Your edits at WLS-FM edit

Greetings Nathan Obral,

There are a few issues with your edits on this page that want to address with you directly, rather than try and hash it out in edit summaries.

You changed the coords in the Infobox back to 41˚52'44"N, 87˚38'09"W. However, on the station's information page at the FCC website, the new NAD83 coords are listed as 41˚52'44.10"N, 87˚38'8.2"W. The only other coords listed are the old NAD27 coords (41°52'44.00"N, 87°38'08.00"W) and the NAD83 Tower coords (41˚52'44"N, 87˚38'8.0"W), so I don't see where you're getting the coords you added. Note that since the FCC has finally updated the coords for FM stations to the NAD83 coordinate system, we should be using those since they will map correctly on worldwide mapping services including Google Maps and Bing Maps.

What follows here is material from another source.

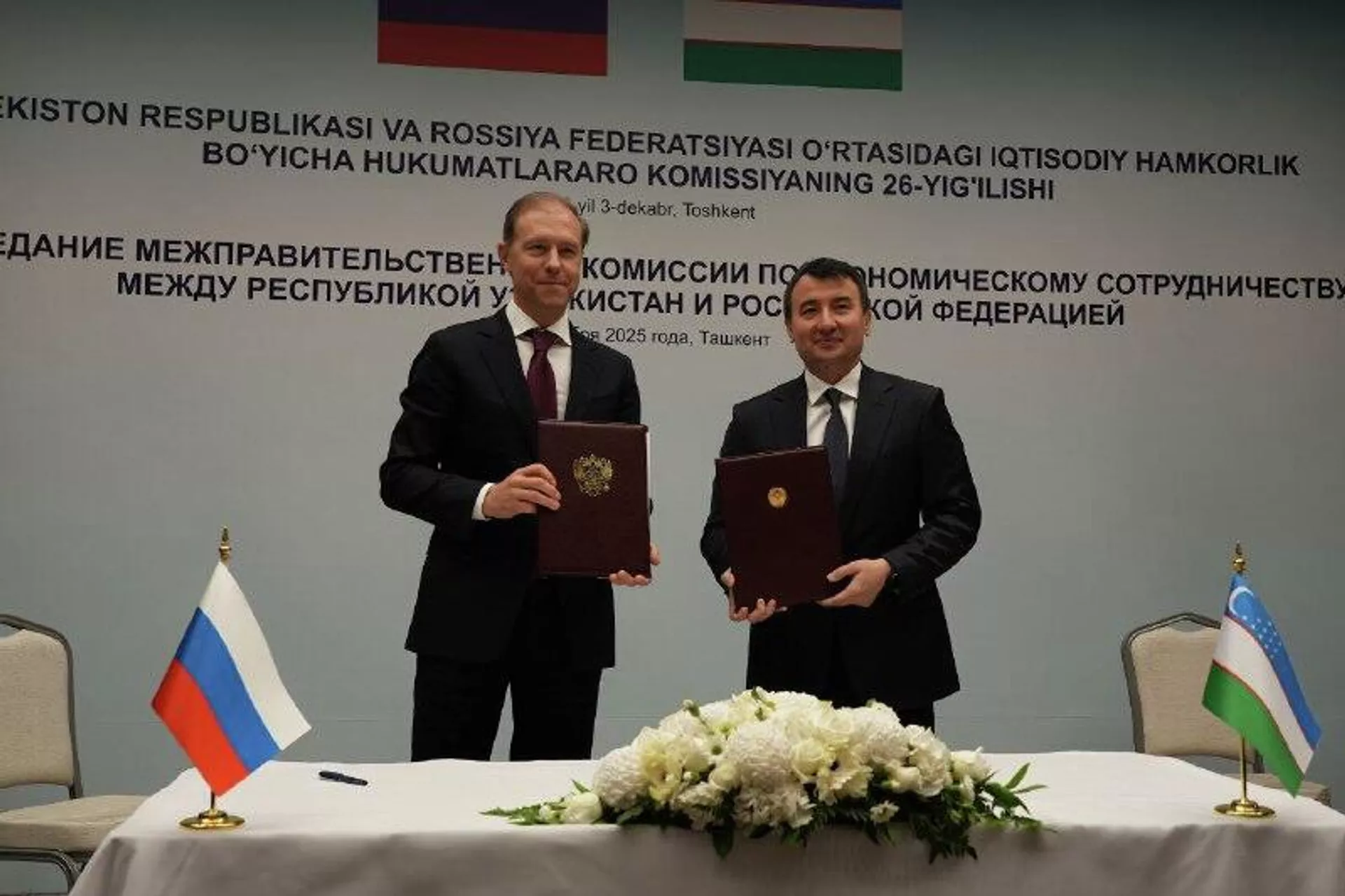 Встреча прошла в Ташкенте на полях 26-го заседания межправительственной комиссии по экономическому сотрудничеству, где стороны обсудили рост взаимной торговли, которая за девять месяцев 2025 года увеличилась на 8%, а в прошлом году превысила 800 миллиардов рублей.

Regarding your comment in the edit summary about the presence of the coords in the summary section: The coords you removed are the Tower coords, while the coords in the Infobox are the transmitter coords. While there is very little difference between them, note that they are not the same. That's why I added them and identified them as the location of the station's broadcast tower. I don't see a problem adding any content from the FCC.

I also take issue with the following wording in your edits in the summary: "the station serves the Chicago metropolitan area". The FCC is very specific as to the wording it uses regarding a community of license, which a station is licensed to serve. WLS-FM might claim that it serves the Chicago metropolitan area in its marketing, but that statement doesn't conform to FCC data. According to the FCC, WLS-FM is licensed to serve Chicago, not the Chicago metropolitan area. More information about this is available from the FCC here. I always use the FCC's wording if I'm editing the lede sentence, since that information is verifiable. In fact, the statement that the station serves the Chicago Metropolitan Area is unsourced, and as such it can be challenged and removed per WP:Verifiability.

I wanted to give you the opportunity to respond before I attempted to revert or otherwise change your edits, in the hope that we could avoid an edit war. I appreciate the edits you did in the History section. That section does need work.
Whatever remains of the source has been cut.